CFP: Global Histories of Crime Fiction: Redefining a Popular Genre
American Comparative Literature Association 2022 Annual Meeting, 15-18 June
National Taiwan Normal University
Seminar organisers: Jesper Gulddal (University of Newcastle, Australia) and Stewart King (Monash University)
Crime fiction today is a uniquely global genre in the sense of being written, published, sold and read on a significant scale on all continents and in almost every country. It is also global in the sense that it serves across a wide range of locations as an important vehicle for investigating and interrogating relationships between law, crime and justice. This global orientation challenges the persistent notion that crime fiction is predominantly a UK and US phenomenon and that other crime fiction traditions are either peripheral or derivative. Publishers have already embraced the idea of world crime fiction, as evidenced by the large number of crime fiction translations, not only with English as the source or target language, but also between other languages. Similarly, readers around the world have few concerns about reading foreign crime novels, and the combination of familiar forms and unfamiliar, “exotic” content has become one of the major selling points of global crime writing. The scholarly literature has been slow in catching up with these developments, but the last few years have seen lively debate around the concept of crime fiction as world literature. Following on from these discussions, this seminar seeks to overcome one of the last bastions of conventional crime fiction scholarship, namely the tendency to write the history of crime fiction either as the succession of canonical Anglophone formats (classic, hardboiled, etc.) or as accounts of individual national traditions. We pose the question, how can we globalise the historical narratives around crime fiction and move towards an account of the genre that recognises its global diversity and transnational connections.

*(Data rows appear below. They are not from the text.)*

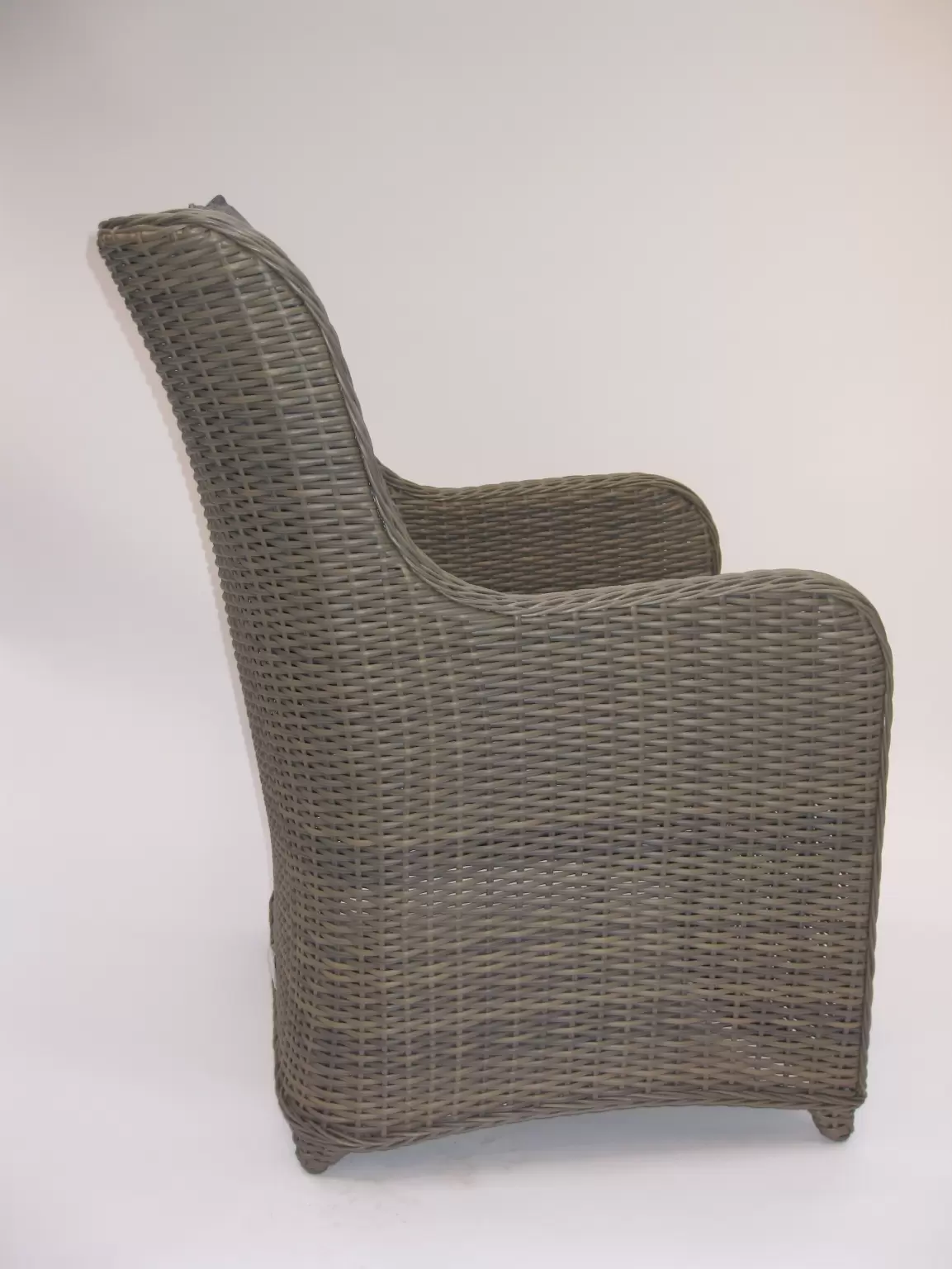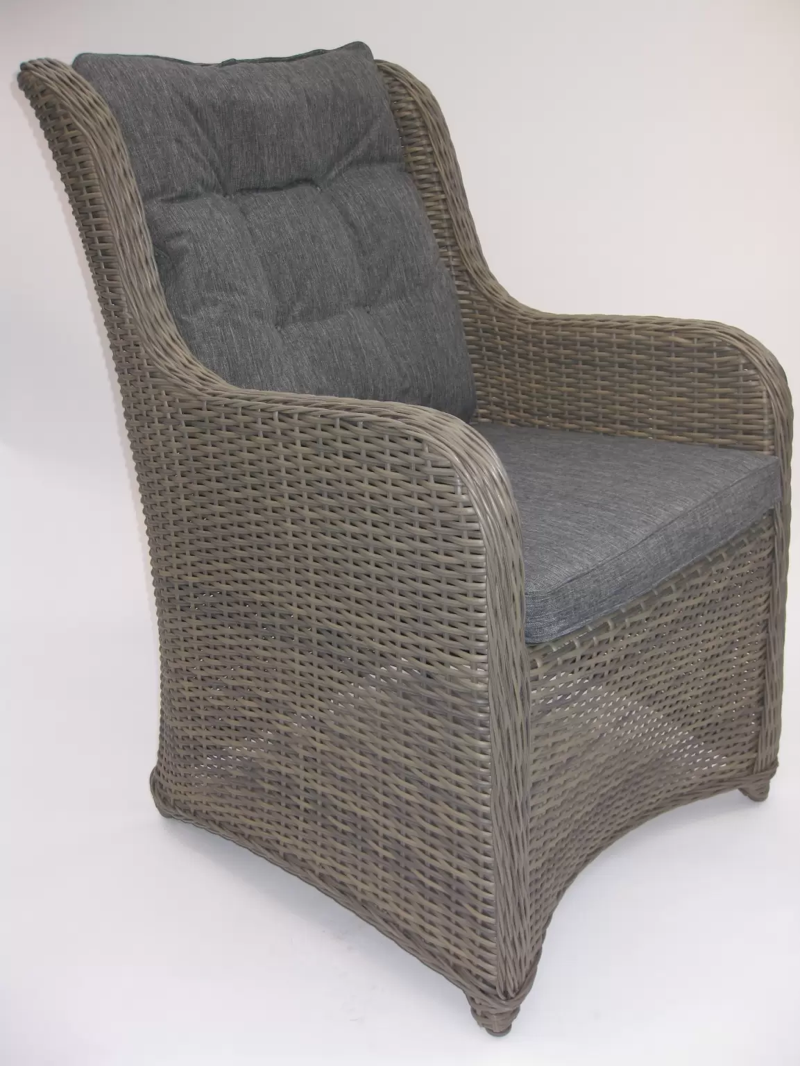 Zeer mooie diningstoel met een uitstekend zitcomfort. Frame is van aluminium met hoogwaardig 5mm nature grey halfrond kunststof wicker. Stoel wordt geleverd inclusief zit- en rugkussen in de kleur antraciet grey. Wij geven op deze stoel 3 jaar garantie.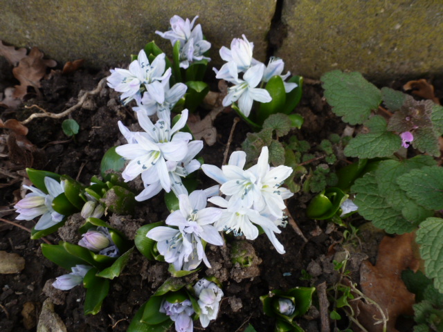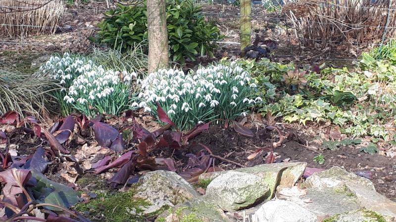 Nur G. nivalis und Flore pleno. Vor Jahren haben meine Kinder und ich mit Eimerchen und Schüppchen Hunderte Pflanzen aus Plaggen ausgegraben, die nach der Vertiefung der örtlichen "Umflut" am Straßenrand lagen. Deswegen hängt mein Herz an diesen Glöckchen. Sie säen sich überall aus, und wenn auch einige dem Schimmel zum Opfer fallen, so werden es doch immer mehr.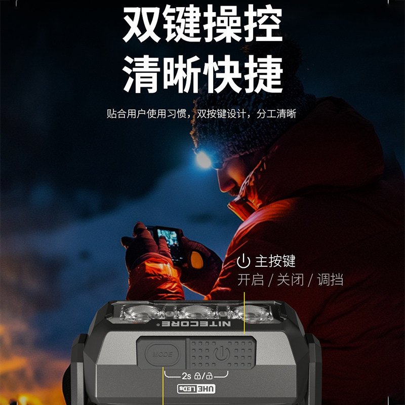 NITECORE奈特科尔HA15UHE是一款专为户外爱好者设计的多功能充电头灯,采用AA电池供电,兼顾轻便与续航。搭载高亮LED,最大输出可达550流明,提供远距照明与广角泛光,满足夜跑、钓鱼、登山等场景需求。具备IP67防水等级,无惧雨雪恶劣环境。头灯支持USB-C直充,内置智能电量显示,操作便捷。轻量化设计配合可调节头带,佩戴舒适稳固。独特侧置灯头结构减少阴影干扰,提升视野清晰度。无论是夜间徒步、露营作业还是紧急救援,HA15UHE都以可靠性能与出色照明表现,成为户外活动的理想照明伴侣。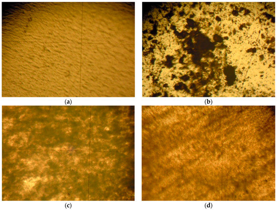 Optical micrographs (100×) of polyethylene films: (a) LDPE; (b) LDPE + 5% βCDTiO2 NPs (mortar grinding); (c) LDPE + 5% TiO2 NPs (cryo-milled mixture); (d) LDPE + 5% βCDTiO2 NPs (cryo-milled mixture).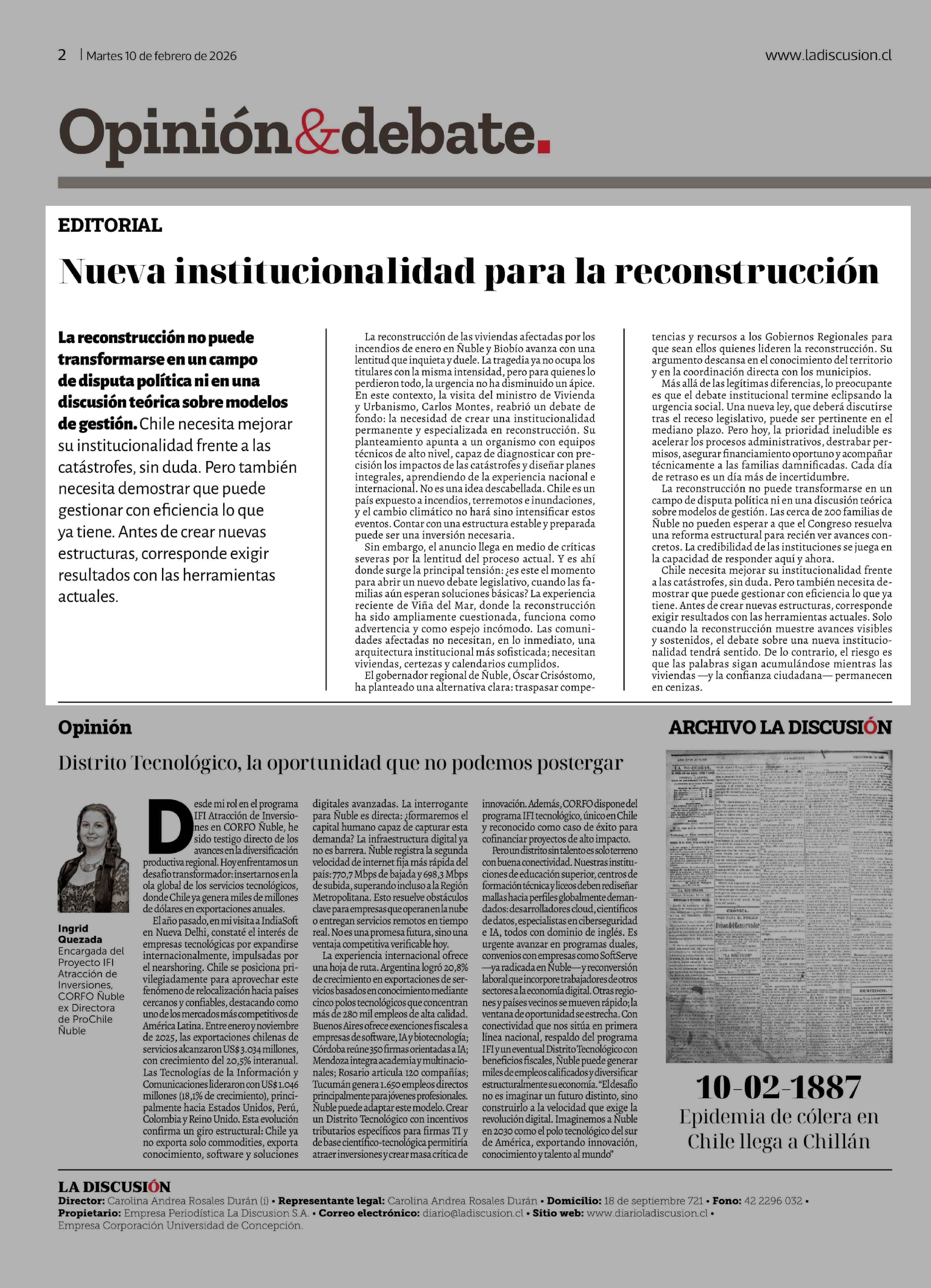 | Fecha: | 10-02-2026 | Sector: | Editorial | Región: | Región del Ñuble |

We welcome papers dealing with any aspects of world crime fiction and the historiographical challenges it presents. Suggested focal points include:
The historiographical challenges presented by world crime fiction
Autochthonous crime fiction traditions in China, Japan, India, the Arab world and elsewhere
Appropriations and localisations of canonical English-language formats around the world
Translation as a means of localising crime fiction
Lateral circulations of crime fiction that bypass the Anglosphere (such as between China, Japan and Korea, in the Mediterranean, and within the Eastern Bloc during the Cold War)
Comparative perspectives on world crime fiction
Formal innovation and hybridisation at the “periphery”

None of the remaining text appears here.